Ultimately, thorough lab evaluation turns uncertain risk into measurable controls. As Indonesian literature emphasizes, “tinjauan perlu dilakukan … agar tidak terjadi kerusakan formasi” (study interactions so formation damage does not occur) (journal.lemigas.esdm.go.id).
Method references and case data
Predictive models and lab methods cited include Langelier and PHREEQC/PhreeqC for water chemistry screening; static jar testing at ambient and reservoir temperature; clay swelling and dispersion assays (linear swelling, shaker tests, volumetric measures); microbiology (heterotrophic counts, MPN for sulfate‑reducers, PCR); particle tests (TSS by 0.45 μm filtration and gravimetry, laser diffraction, filtration through 5–100 μm meshes); and compatibility corefloods at reservoir temperature/pressure over 10–50 PV with effluent ICP/IC and XRD/XRF. Key thresholds cited include oxygen often held below 1 ppm for critical injectors; microbial interventions when counts exceed a few hundred CFU/mL; and field rules of thumb such as TSS < 5–10 mg/L with particle size mostly < 1 μm (benchmarks vary by formation). Compatibility benchmarks commonly target ≥90–95% return permeability (≤5–10% damage), with a working goal of <20% loss; Sinopec’s criterion of ≤20% loss after 50 PV is one example (patents.google.com).
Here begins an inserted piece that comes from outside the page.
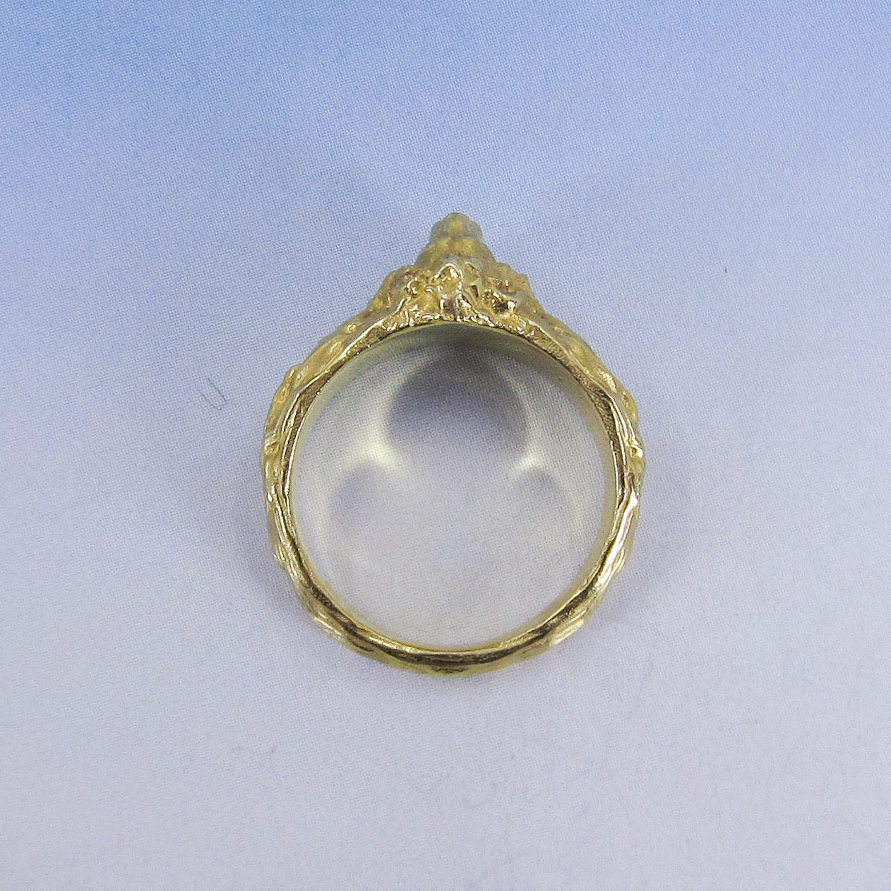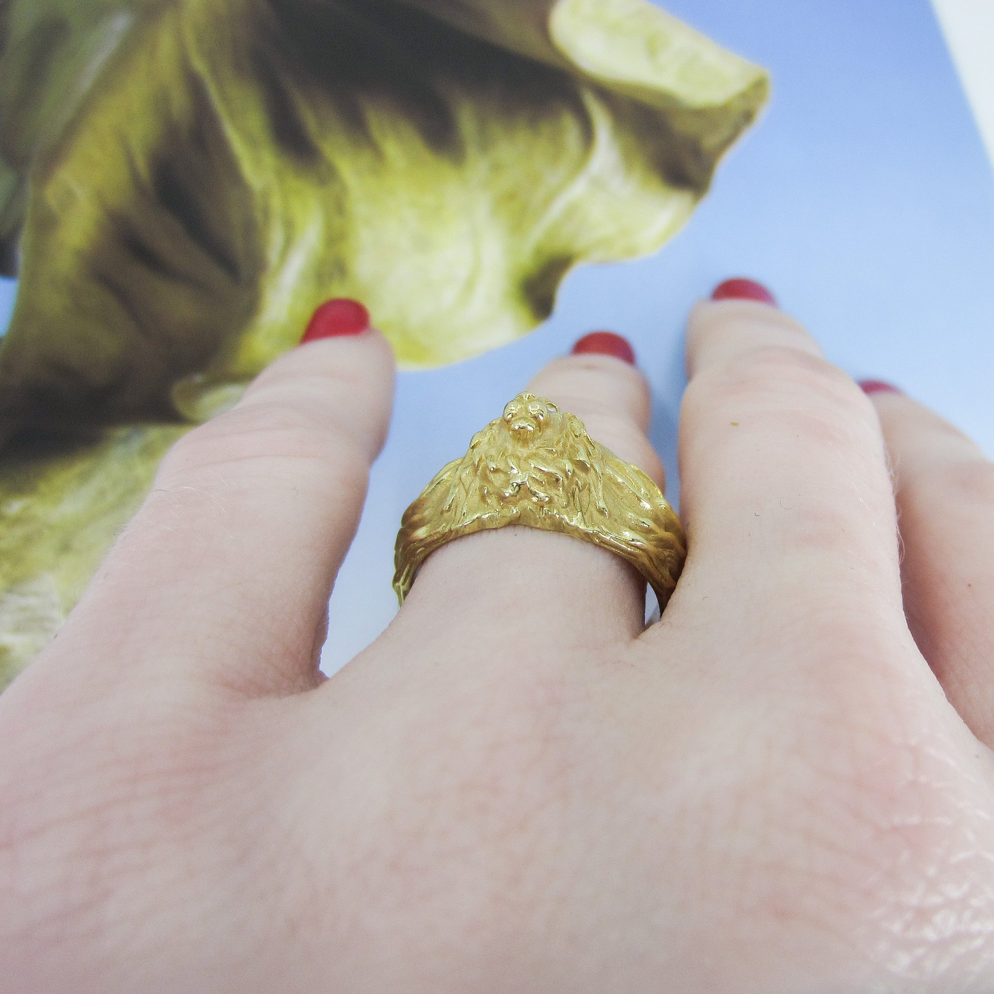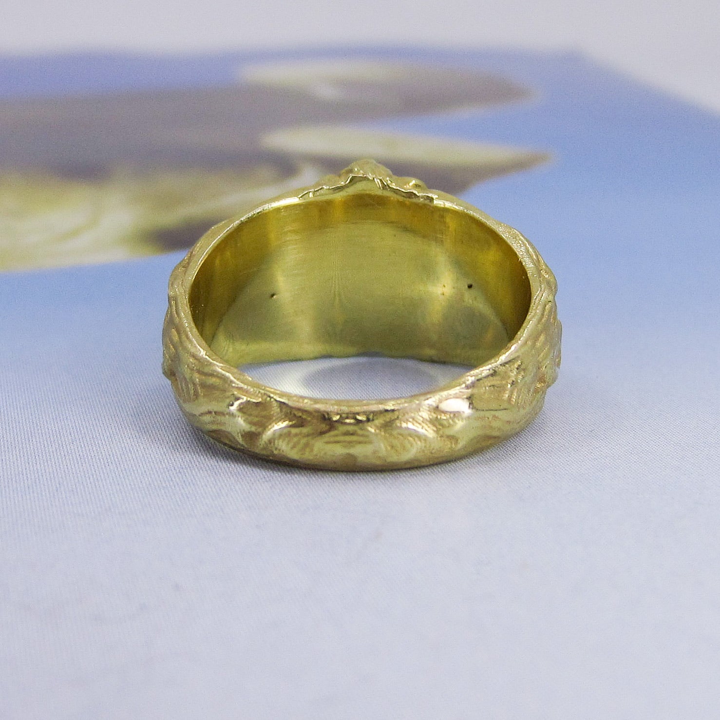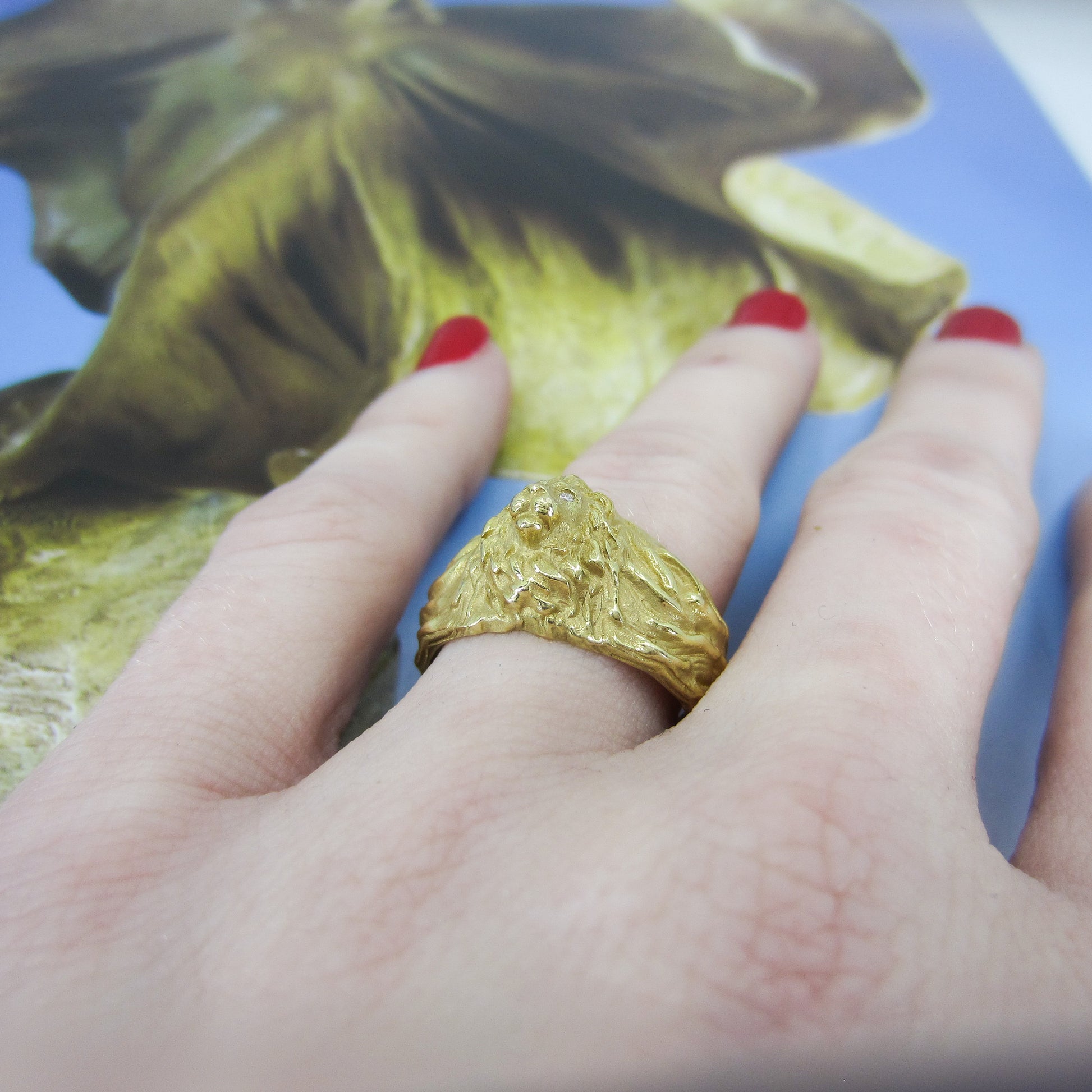 There's so much to say about this great vintage lion ring! The first thing you notice is that there is a LOT of detail packed onto this ring and it is unusual in its design, with the lion's face quite small and leaving room for his mane. While the face may be small, it is very beautifully detailed and kind of cute! This is a friendly lion and that's okay, they don't all have to be fierce! You can see in the photos this ring has a very sculptural, three dimensional quality. I haven't seen one exactly like this before so I'm putting it at Mid-Century based on the diamond cuts and the construction. Nice and heavy and made in 14k gold that is polished on the high relief areas and matte in the recessed areas. Would make a great ring for a LEO, wedding band for an adventurous person or collection addition if you're like me and love all things figural!

Coreflood case data include: Gong et al. (tight sandstone) showing CaCO₃‑driven scaling that reduced permeability by 50% and shrank median pore radius by ~21.6%, with “induction, damage, and stabilization” phases and a field case “making it impossible to inject water” (www.mdpi.com) (www.mdpi.com); and Usman (2015) reporting ~80% permeability loss for a 25% produced‑water/75% freshwater blend versus pure freshwater, improved to ~47% loss with 2000 ppm biocide plus 11 μm filtration, and 16% lower oil (OOIP) recovery for a 50% produced‑water flood versus 100% freshwater (www.researchgate.net) (www.researchgate.net).
References: Sugihardjo (2004) (journal.lemigas.esdm.go.id); Usman (2015) (www.researchgate.net) (www.researchgate.net); Bennion et al. (2001) (www.researchgate.net); Gong et al. (2024) (www.mdpi.com) (www.mdpi.com); Aksu et al. (2015) (www.researchgate.net); China Petrochemical Corp (2022), patent CN115544754A (patents.google.com). Sources: Peer‑reviewed industry/academic studies and standards have been used, including Chinese and Indonesian technical publications.jpñ (All citations above correspond to these sources, e.g.: Gong et al., 2024 (www.mdpi.com) (www.mdpi.com); Usman 2015 (www.researchgate.net) (www.researchgate.net); Bennion et al. 2001 (www.researchgate.net); Aksu et al. 2015 (www.researchgate.net); Sugihardjo 2004 (journal.lemigas.esdm.go.id); Sinopec patent CN115544754A 2022 (patents.google.com)).